**BRIEF:**
In the answer, transcribe exactly the lines from the beginning of the material through the line holding "short-sleeve wool mini", and skip every picture.

Content starts

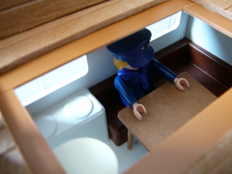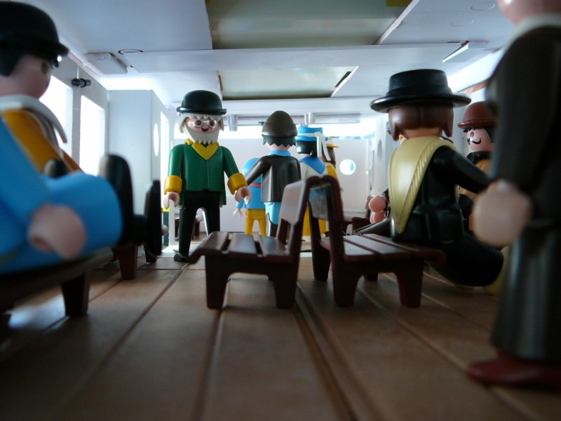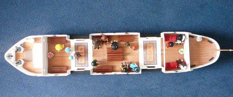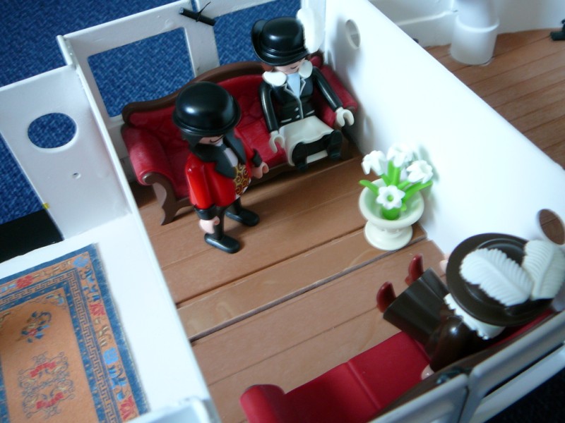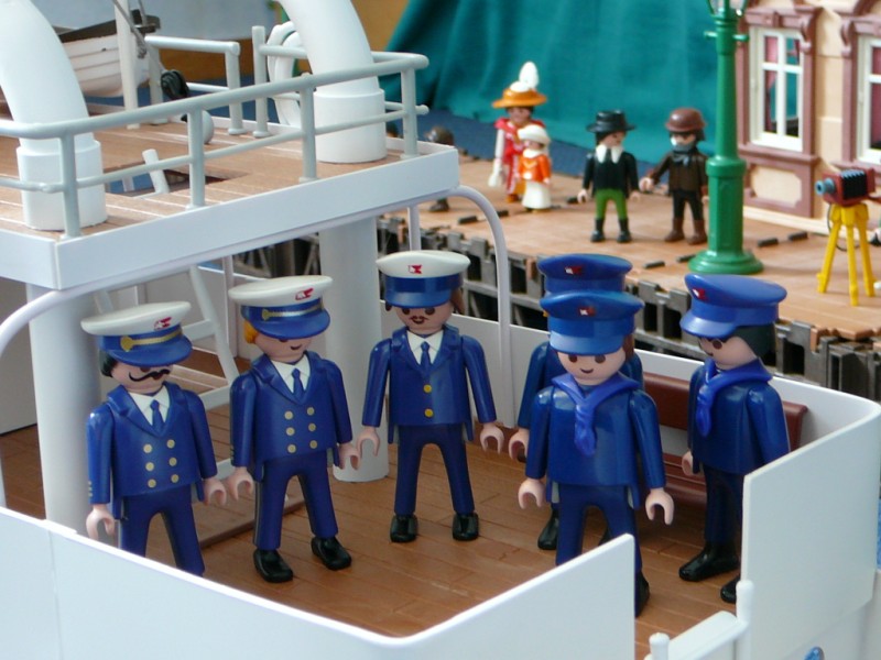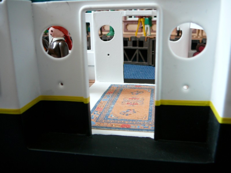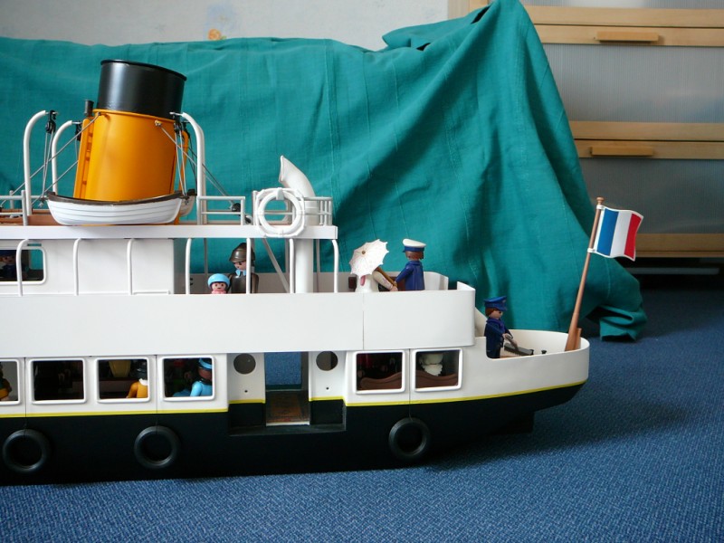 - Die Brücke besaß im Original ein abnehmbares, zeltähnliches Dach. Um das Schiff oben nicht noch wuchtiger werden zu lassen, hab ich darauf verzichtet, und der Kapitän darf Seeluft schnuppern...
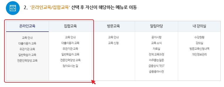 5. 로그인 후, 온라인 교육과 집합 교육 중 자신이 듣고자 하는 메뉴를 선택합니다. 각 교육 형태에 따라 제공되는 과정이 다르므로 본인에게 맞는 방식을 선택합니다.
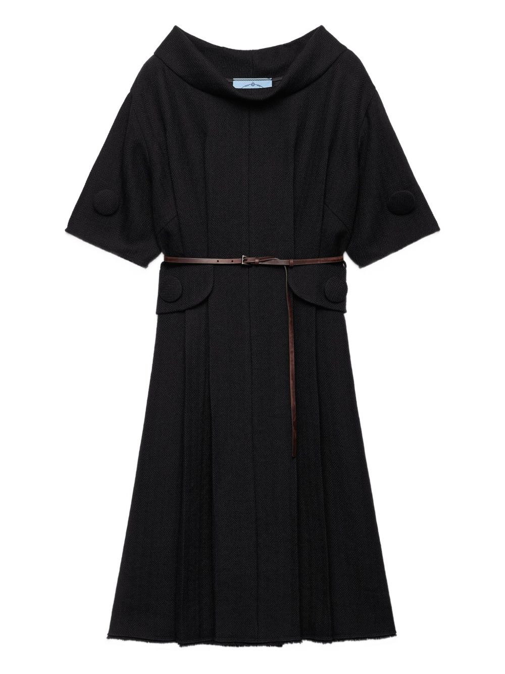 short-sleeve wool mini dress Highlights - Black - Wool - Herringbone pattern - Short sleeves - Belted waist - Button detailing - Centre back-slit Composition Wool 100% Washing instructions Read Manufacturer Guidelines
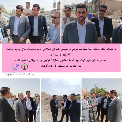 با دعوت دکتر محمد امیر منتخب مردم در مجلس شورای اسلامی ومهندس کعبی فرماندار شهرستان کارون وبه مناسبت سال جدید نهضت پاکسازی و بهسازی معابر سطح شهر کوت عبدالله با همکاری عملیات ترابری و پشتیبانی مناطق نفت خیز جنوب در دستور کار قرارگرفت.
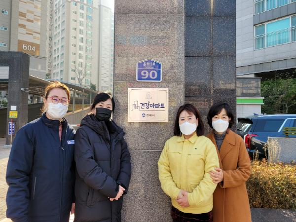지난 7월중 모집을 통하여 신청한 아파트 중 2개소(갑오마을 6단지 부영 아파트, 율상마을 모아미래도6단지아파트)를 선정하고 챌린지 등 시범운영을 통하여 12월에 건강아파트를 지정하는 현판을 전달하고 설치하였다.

Content ends

**SOLVED PROBLEM:**
 - Die Brücke besaß im Original ein abnehmbares, zeltähnliches Dach. Um das Schiff oben nicht noch wuchtiger werden zu lassen, hab ich darauf verzichtet, und der Kapitän darf Seeluft schnuppern...
 5. 로그인 후, 온라인 교육과 집합 교육 중 자신이 듣고자 하는 메뉴를 선택합니다. 각 교육 형태에 따라 제공되는 과정이 다르므로 본인에게 맞는 방식을 선택합니다.
 short-sleeve wool mini dress Highlights - Black - Wool - Herringbone pattern - Short sleeves - Belted waist - Button detailing - Centre back-slit Composition Wool 100% Washing instructions Read Manufacturer Guidelines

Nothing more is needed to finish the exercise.